> _What this task involves_: Leave out the pictures and reproduce all of the data exactly.

> _Data extract_:

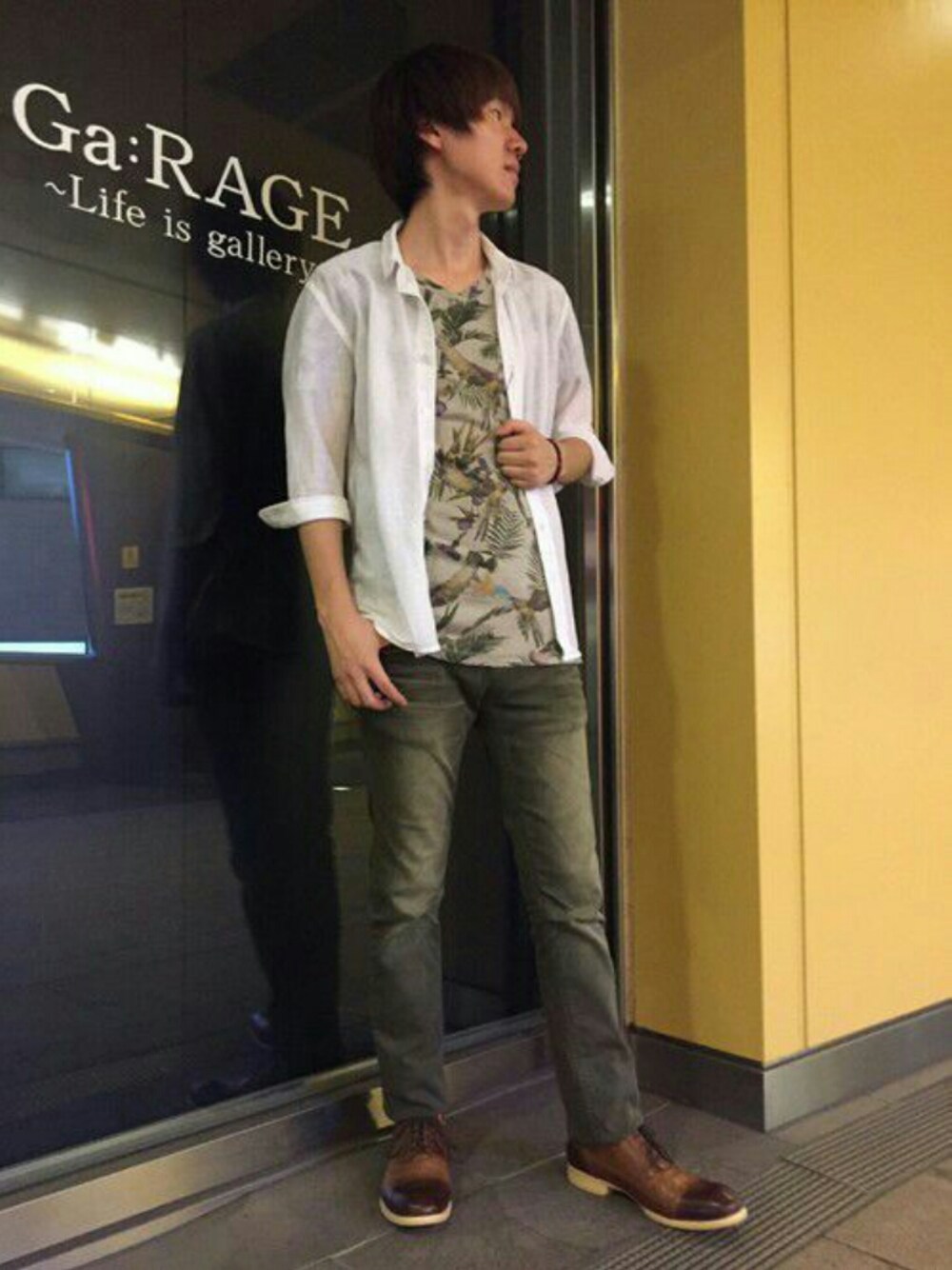 Ga:RAGE リバーウォーク北九州店 テーマ【リネンシャツ着まわしコーデ】 今期流行のコロニアルカラーが盛り沢山のコーディネート☆ 流行を取り入れつつも白シャツで清潔感を忘れずに♪ インナーを柄物にすると、透け感を楽しめますよ(^^)
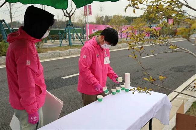 不到七点,交校的青年志愿者们已经到达指定地点,在赛事专员的指导下,完成饮料桌、食品桌、海绵桌上物品的摆放,做好前期的准备工作。在开云手机客户端,他们是努力认真的学习者,在樱花赛道,他们是最美的服务者。
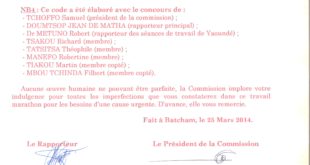 COMITE DE DEVELOPPEMENT DU GROUPEMENT BATCHAM – CHEFFERIE SUPERIEURE DE 1ER DEGRE , CODEGBA : Récépissé de déclaration N°016/RDA/F13/BAPP du 23 Octobre 2003 ; COMMISSION ELECTORALE ET DE REVISION DES STATUTS B.P. 68 Batcham / codegba2003@…/ E-mail: samueltchoffo@… , Tél.: (+237) 78 xx yy 28 / 99 aa bb 63 Batcham le …
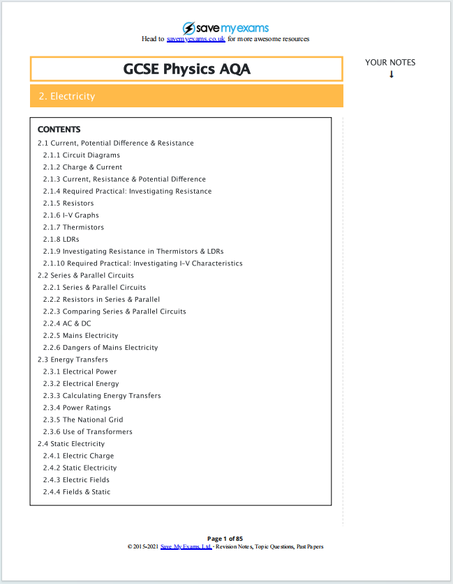 这份资料是 GCSE Physics AQA 复习笔记系列中的 第二单元:电学。这是整个GCSE物理课程中内容最广泛、最核心的单元之一。以下是关于这份“电学”单元资料的全面详细介绍:

> _Output for this exercise_:
 Ga:RAGE リバーウォーク北九州店 テーマ【リネンシャツ着まわしコーデ】 今期流行のコロニアルカラーが盛り沢山のコーディネート☆ 流行を取り入れつつも白シャツで清潔感を忘れずに♪ インナーを柄物にすると、透け感を楽しめますよ(^^)
 不到七点,交校的青年志愿者们已经到达指定地点,在赛事专员的指导下,完成饮料桌、食品桌、海绵桌上物品的摆放,做好前期的准备工作。在开云手机客户端,他们是努力认真的学习者,在樱花赛道,他们是最美的服务者。
 COMITE DE DEVELOPPEMENT DU GROUPEMENT BATCHAM – CHEFFERIE SUPERIEURE DE 1ER DEGRE , CODEGBA : Récépissé de déclaration N°016/RDA/F13/BAPP du 23 Octobre 2003 ; COMMISSION ELECTORALE ET DE REVISION DES STATUTS B.P. 68 Batcham / codegba2003@…/ E-mail: samueltchoffo@… , Tél.: (+237) 78 xx yy 28 / 99 aa bb 63 Batcham le …
 这份资料是 GCSE Physics AQA 复习笔记系列中的 第二单元:电学。这是整个GCSE物理课程中内容最广泛、最核心的单元之一。以下是关于这份“电学”单元资料的全面详细介绍:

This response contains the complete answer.